Recorded information:
......

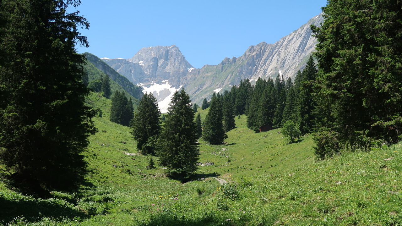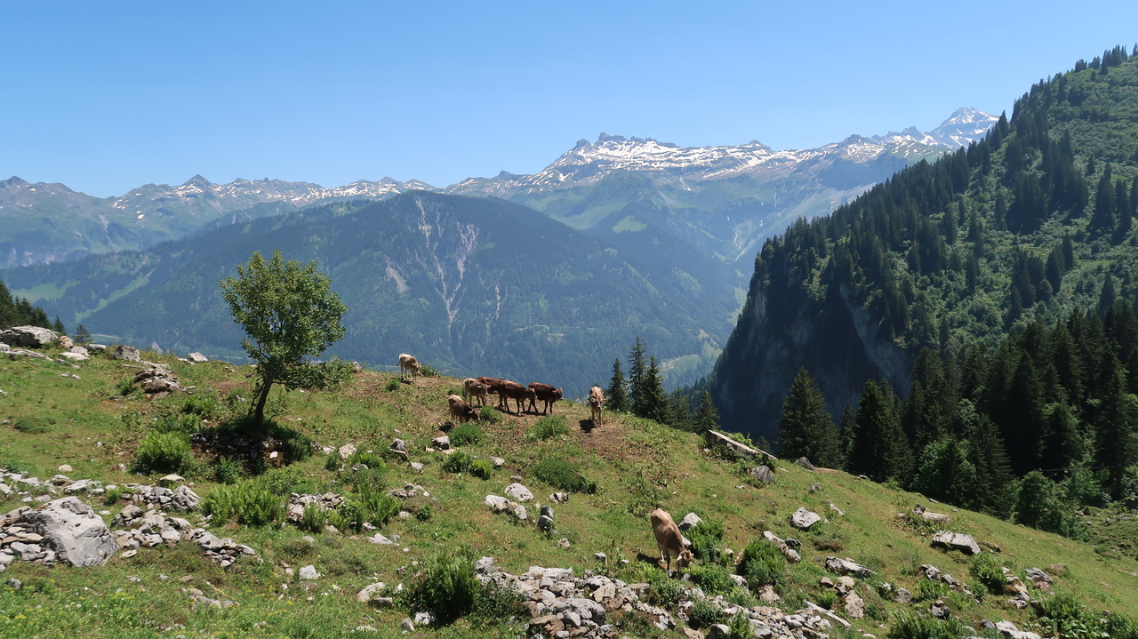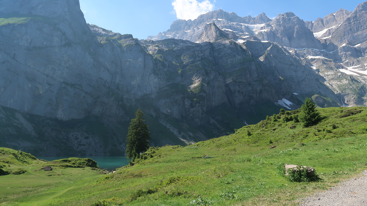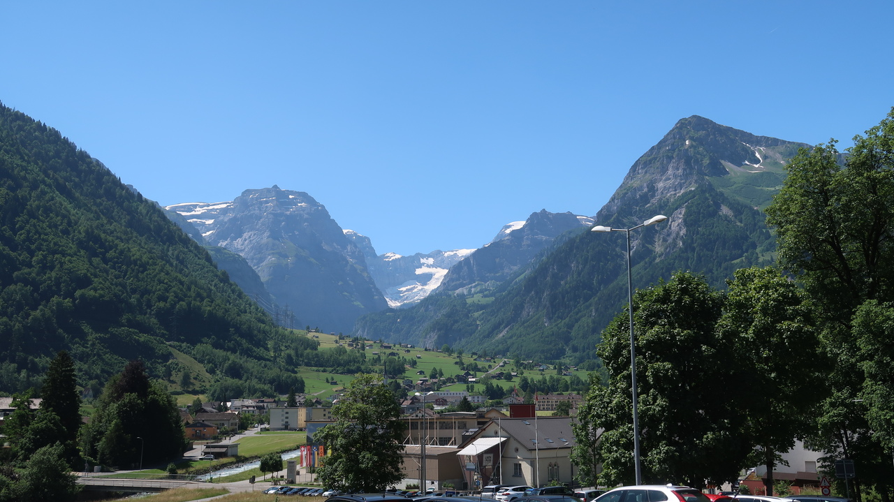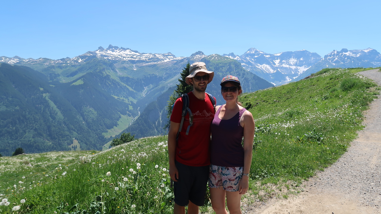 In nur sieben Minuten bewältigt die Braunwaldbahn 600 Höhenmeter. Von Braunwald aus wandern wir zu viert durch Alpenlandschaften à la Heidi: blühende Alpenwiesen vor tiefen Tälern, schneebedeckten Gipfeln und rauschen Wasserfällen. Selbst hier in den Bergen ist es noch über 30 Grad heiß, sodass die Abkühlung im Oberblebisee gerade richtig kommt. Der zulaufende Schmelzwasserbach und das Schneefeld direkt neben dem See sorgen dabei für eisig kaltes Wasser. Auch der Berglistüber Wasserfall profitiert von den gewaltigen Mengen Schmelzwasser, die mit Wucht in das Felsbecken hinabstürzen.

......

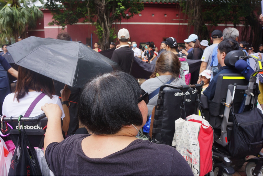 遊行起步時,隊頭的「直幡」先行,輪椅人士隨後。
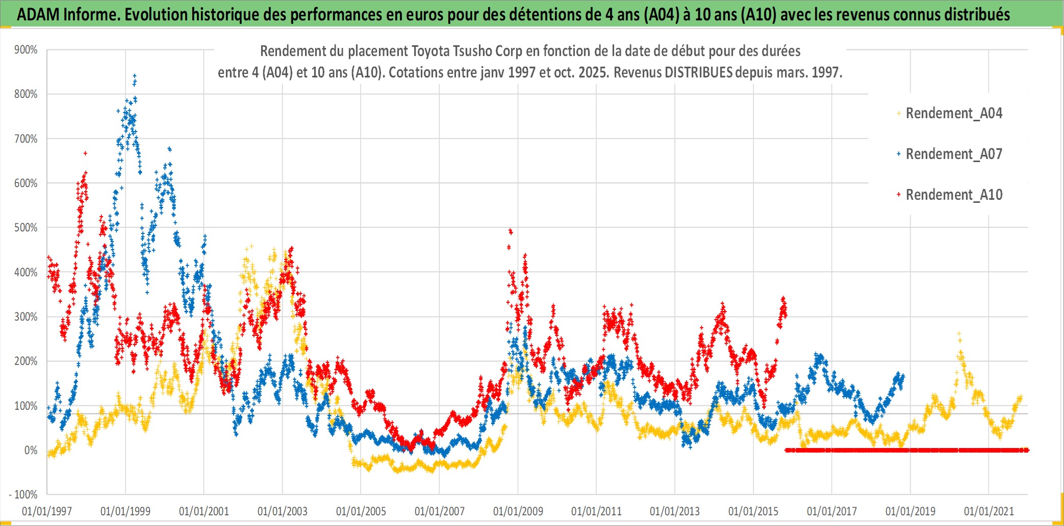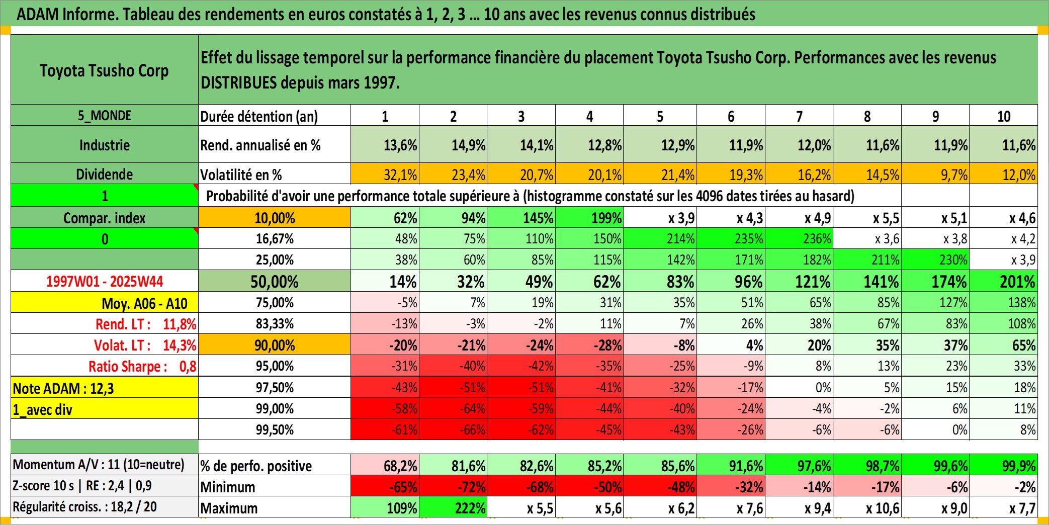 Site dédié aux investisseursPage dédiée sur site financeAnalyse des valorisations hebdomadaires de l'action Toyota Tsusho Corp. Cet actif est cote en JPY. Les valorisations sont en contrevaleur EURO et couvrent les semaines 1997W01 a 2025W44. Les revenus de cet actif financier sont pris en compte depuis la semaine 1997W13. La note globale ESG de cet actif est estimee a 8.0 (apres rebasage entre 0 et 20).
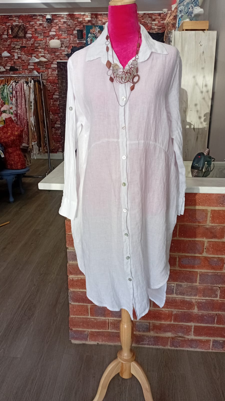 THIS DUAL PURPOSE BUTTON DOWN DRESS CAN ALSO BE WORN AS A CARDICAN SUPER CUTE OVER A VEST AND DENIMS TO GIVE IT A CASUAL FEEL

......

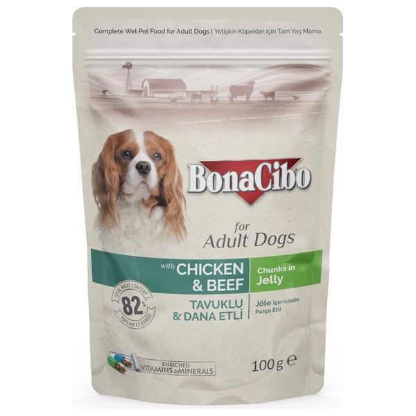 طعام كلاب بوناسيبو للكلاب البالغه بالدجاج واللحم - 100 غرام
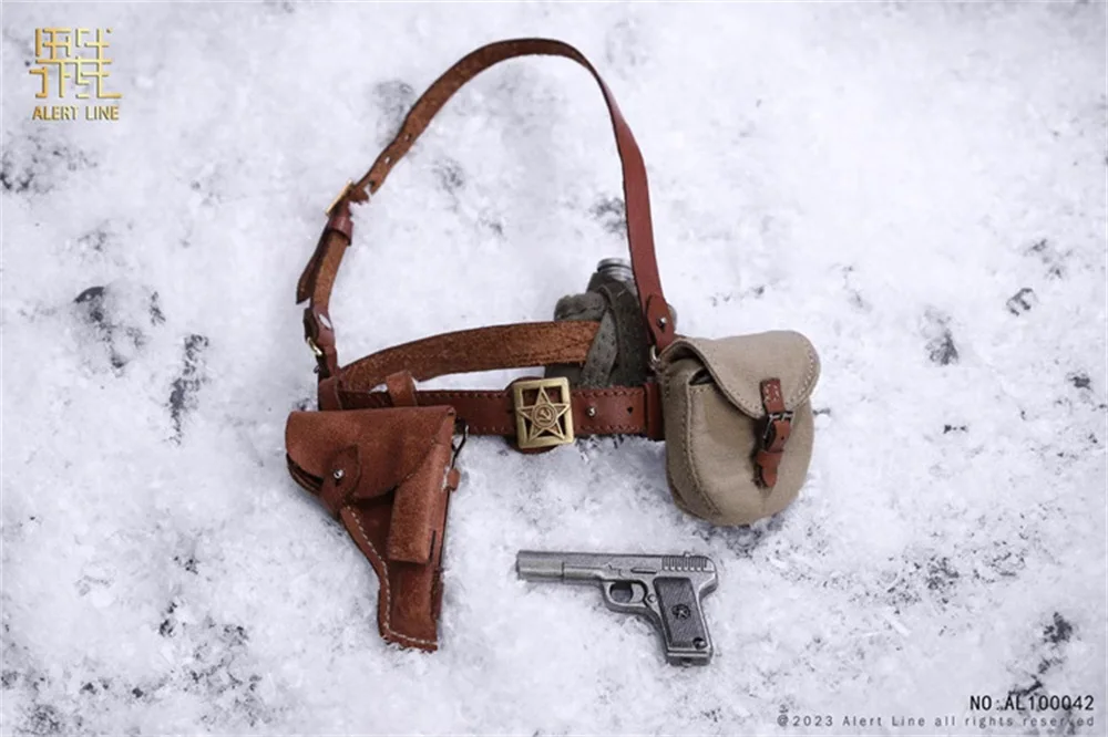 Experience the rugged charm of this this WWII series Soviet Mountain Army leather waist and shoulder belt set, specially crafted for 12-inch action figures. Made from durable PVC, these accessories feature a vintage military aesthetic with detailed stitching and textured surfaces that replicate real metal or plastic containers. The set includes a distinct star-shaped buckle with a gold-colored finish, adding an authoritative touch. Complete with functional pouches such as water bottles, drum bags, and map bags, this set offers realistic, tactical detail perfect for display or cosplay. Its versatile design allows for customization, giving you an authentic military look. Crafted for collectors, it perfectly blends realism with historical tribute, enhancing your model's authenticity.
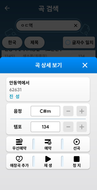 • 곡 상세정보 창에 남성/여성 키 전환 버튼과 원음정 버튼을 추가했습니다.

......

Exercise directions: Output exactly the stretch of the listing that begins at the line containing "Site dédié aux" and ends at the line containing "THIS DUAL PURPOSE", both kept. Omit pictures and everything else.

Response below:
 Site dédié aux investisseursPage dédiée sur site financeAnalyse des valorisations hebdomadaires de l'action Toyota Tsusho Corp. Cet actif est cote en JPY. Les valorisations sont en contrevaleur EURO et couvrent les semaines 1997W01 a 2025W44. Les revenus de cet actif financier sont pris en compte depuis la semaine 1997W13. La note globale ESG de cet actif est estimee a 8.0 (apres rebasage entre 0 et 20).
 THIS DUAL PURPOSE BUTTON DOWN DRESS CAN ALSO BE WORN AS A CARDICAN SUPER CUTE OVER A VEST AND DENIMS TO GIVE IT A CASUAL FEEL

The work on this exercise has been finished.